Top of Dataset extract

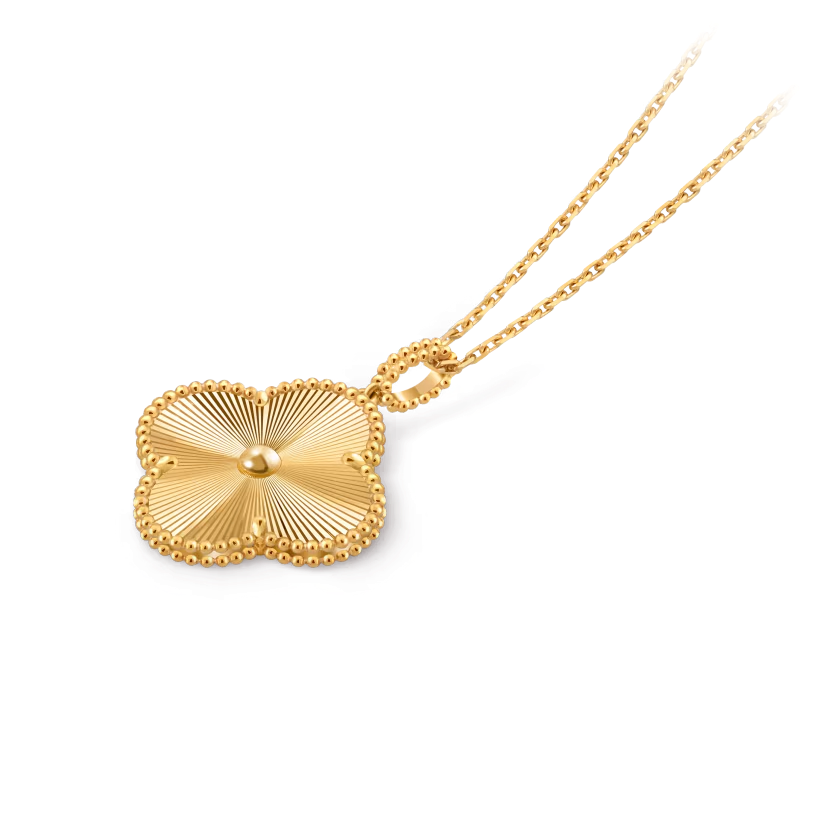 The Magic Alhambra long necklace highlights a single, oversized clover motif that symbolizes luck, harmony, and timeless beauty. With its elegant proportions and refined detailing, this piece reflects Van Cleef & Arpels’ poetic craftsmanship and iconic design language.
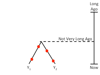 Similarly (although with a bit more math), when tracing back the Y common ancestor and the mtDNA common ancestor, we should not be surprised if their TMRCAs are different, nor if they overlap.
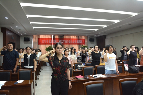 学校少数民族专职辅导员阿孜老师带领全体辅导员进行宣誓:“我志愿成为一名高校辅导员,拥护党的领导,献身教育事业,恪守职业规范,提升专业素养,情系学生成长,做好良师益友。为培养社会主义合格建设者和可靠接班人而努力奋斗!”
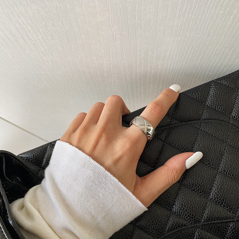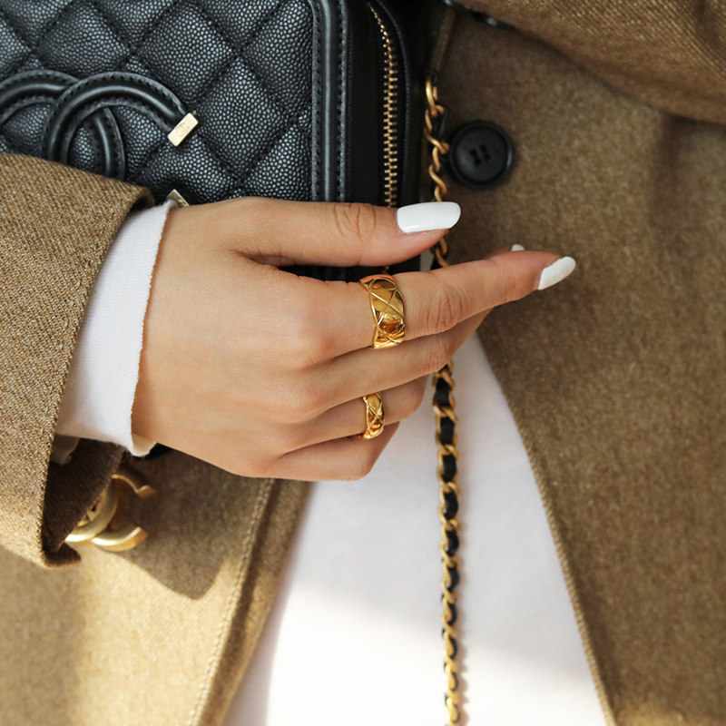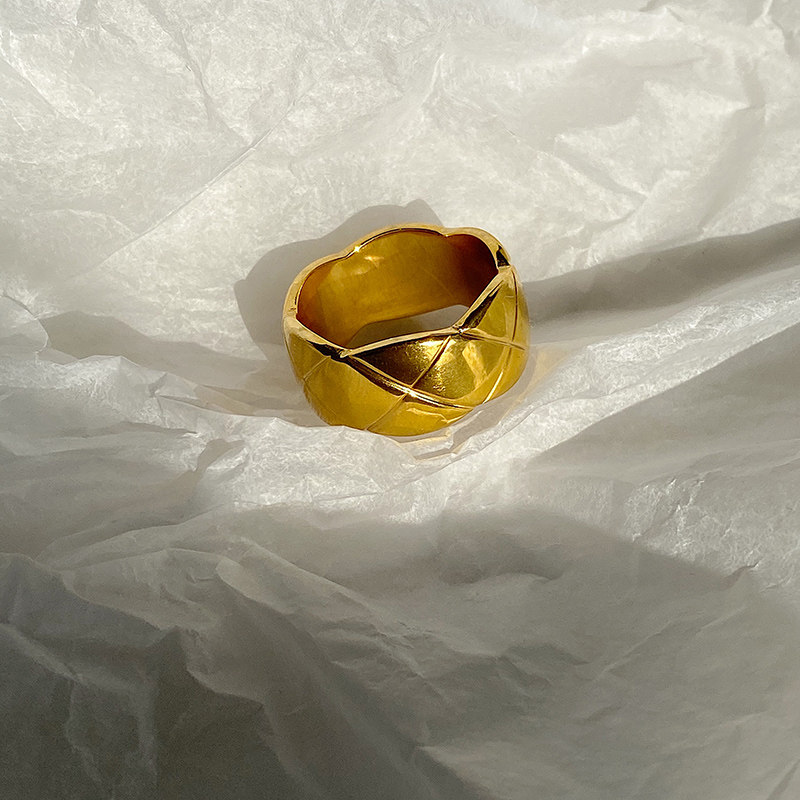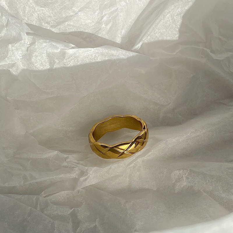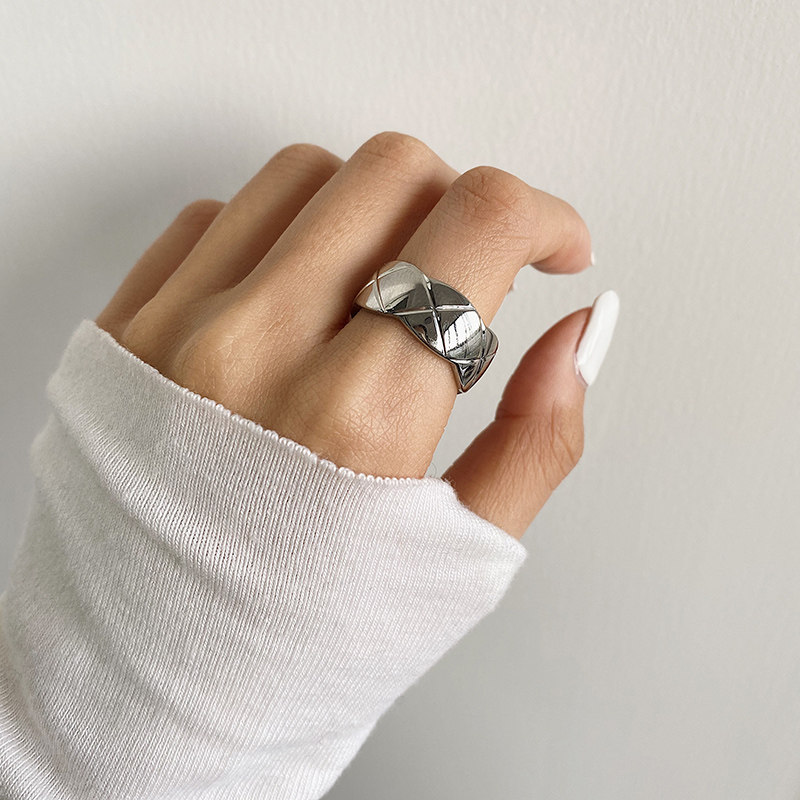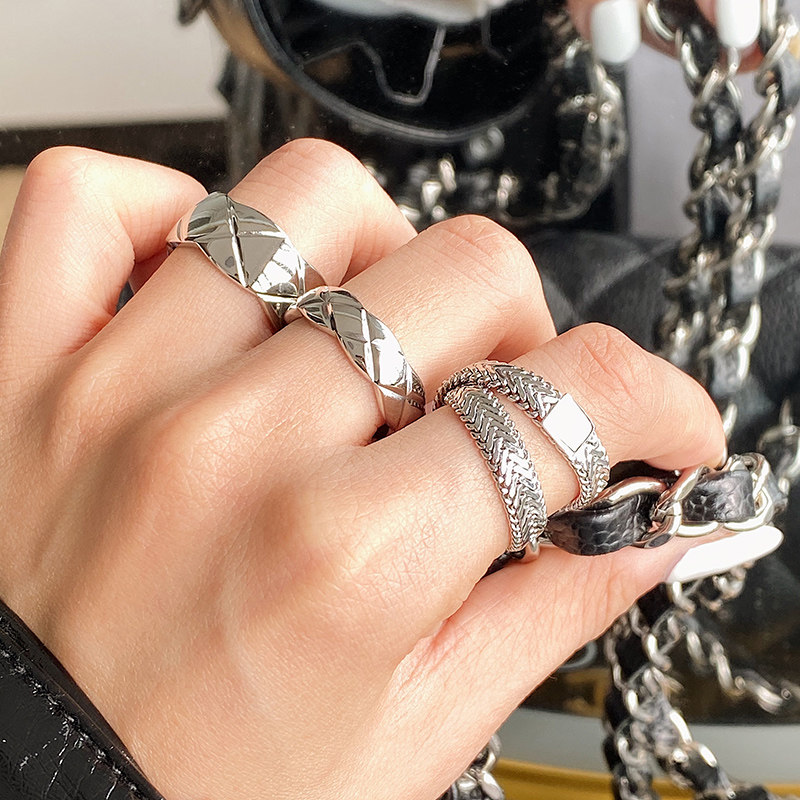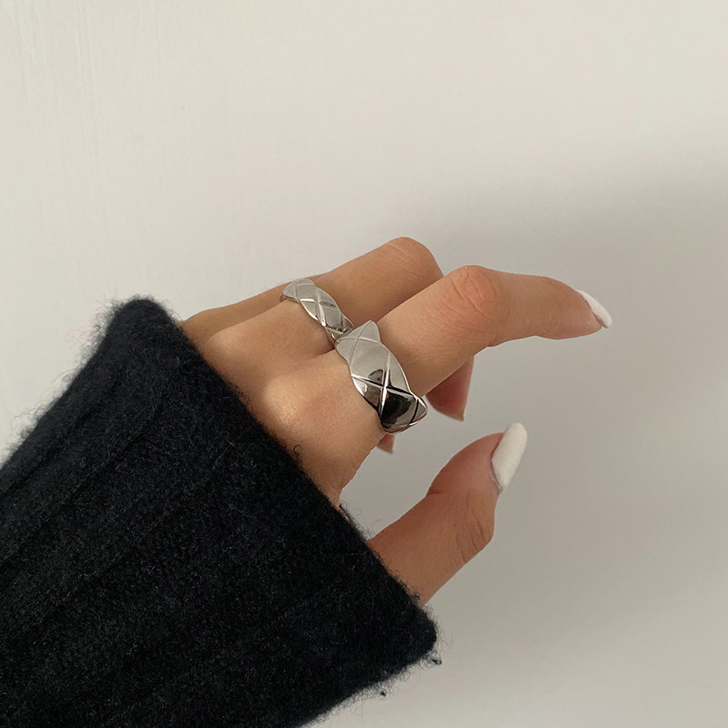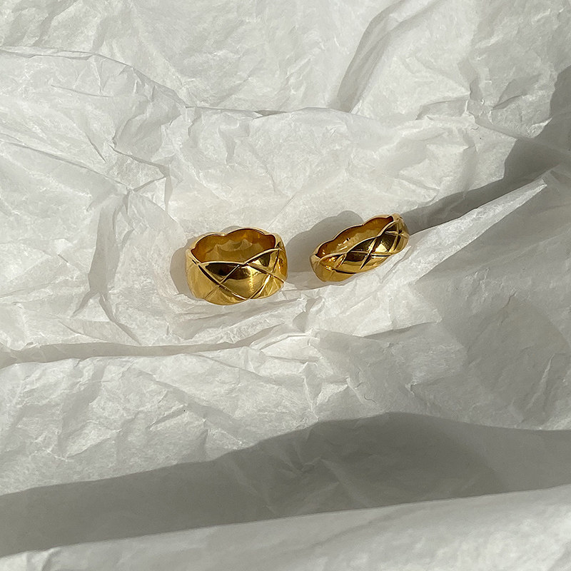 DOUDOU不掉色鈦鋼冷淡風菱格戒指設計金屬復古情侶對戒網紅男女

Bottom of Dataset extract

- Exercise aim
Each line above should be set down exactly as written, with pictures excluded.

- Answer section
 The Magic Alhambra long necklace highlights a single, oversized clover motif that symbolizes luck, harmony, and timeless beauty. With its elegant proportions and refined detailing, this piece reflects Van Cleef & Arpels’ poetic craftsmanship and iconic design language.
 Similarly (although with a bit more math), when tracing back the Y common ancestor and the mtDNA common ancestor, we should not be surprised if their TMRCAs are different, nor if they overlap.
 学校少数民族专职辅导员阿孜老师带领全体辅导员进行宣誓:“我志愿成为一名高校辅导员,拥护党的领导,献身教育事业,恪守职业规范,提升专业素养,情系学生成长,做好良师益友。为培养社会主义合格建设者和可靠接班人而努力奋斗!”
 DOUDOU不掉色鈦鋼冷淡風菱格戒指設計金屬復古情侶對戒網紅男女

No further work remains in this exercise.